» **TASK OBJECTIVE**:
Retype, word for word, the line holding "Cheesehead Men's Born" and each line after it down to the end of the data; pictures are not copied.

::: INPUT DATA

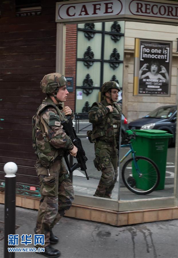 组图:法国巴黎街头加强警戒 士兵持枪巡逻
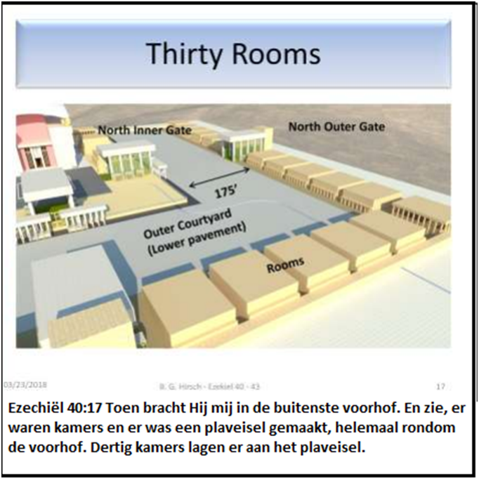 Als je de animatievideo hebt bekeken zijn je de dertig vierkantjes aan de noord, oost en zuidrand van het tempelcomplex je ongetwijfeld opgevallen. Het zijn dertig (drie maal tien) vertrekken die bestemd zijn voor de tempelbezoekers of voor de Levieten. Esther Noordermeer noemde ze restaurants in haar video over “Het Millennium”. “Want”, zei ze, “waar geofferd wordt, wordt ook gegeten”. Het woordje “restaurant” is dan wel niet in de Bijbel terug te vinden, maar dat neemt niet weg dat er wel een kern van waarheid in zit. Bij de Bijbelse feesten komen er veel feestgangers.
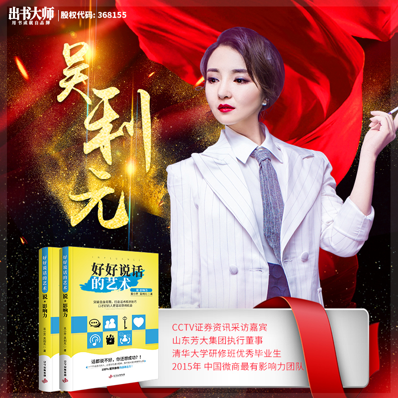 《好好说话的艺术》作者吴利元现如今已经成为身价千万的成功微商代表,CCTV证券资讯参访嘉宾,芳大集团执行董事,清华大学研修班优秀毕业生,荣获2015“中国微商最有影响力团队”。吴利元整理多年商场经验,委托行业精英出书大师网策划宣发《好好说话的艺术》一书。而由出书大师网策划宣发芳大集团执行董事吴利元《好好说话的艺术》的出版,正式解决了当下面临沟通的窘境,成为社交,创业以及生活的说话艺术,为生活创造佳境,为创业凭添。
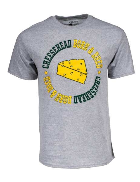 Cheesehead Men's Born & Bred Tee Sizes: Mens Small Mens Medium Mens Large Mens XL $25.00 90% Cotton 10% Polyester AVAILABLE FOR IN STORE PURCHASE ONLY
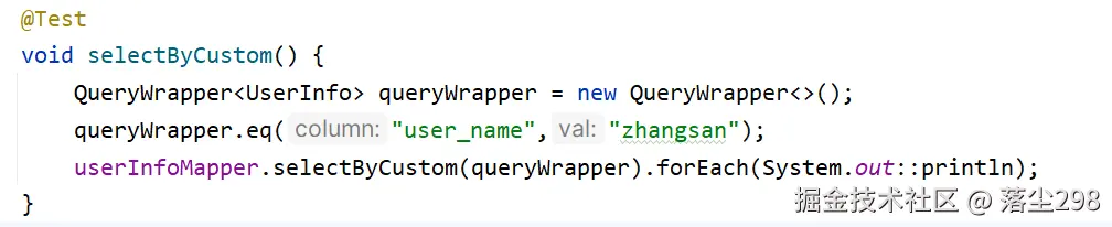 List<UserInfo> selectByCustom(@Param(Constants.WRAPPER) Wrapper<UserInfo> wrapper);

::::::

» **FINAL ANSWER**:
 Cheesehead Men's Born & Bred Tee Sizes: Mens Small Mens Medium Mens Large Mens XL $25.00 90% Cotton 10% Polyester AVAILABLE FOR IN STORE PURCHASE ONLY
 List<UserInfo> selectByCustom(@Param(Constants.WRAPPER) Wrapper<UserInfo> wrapper);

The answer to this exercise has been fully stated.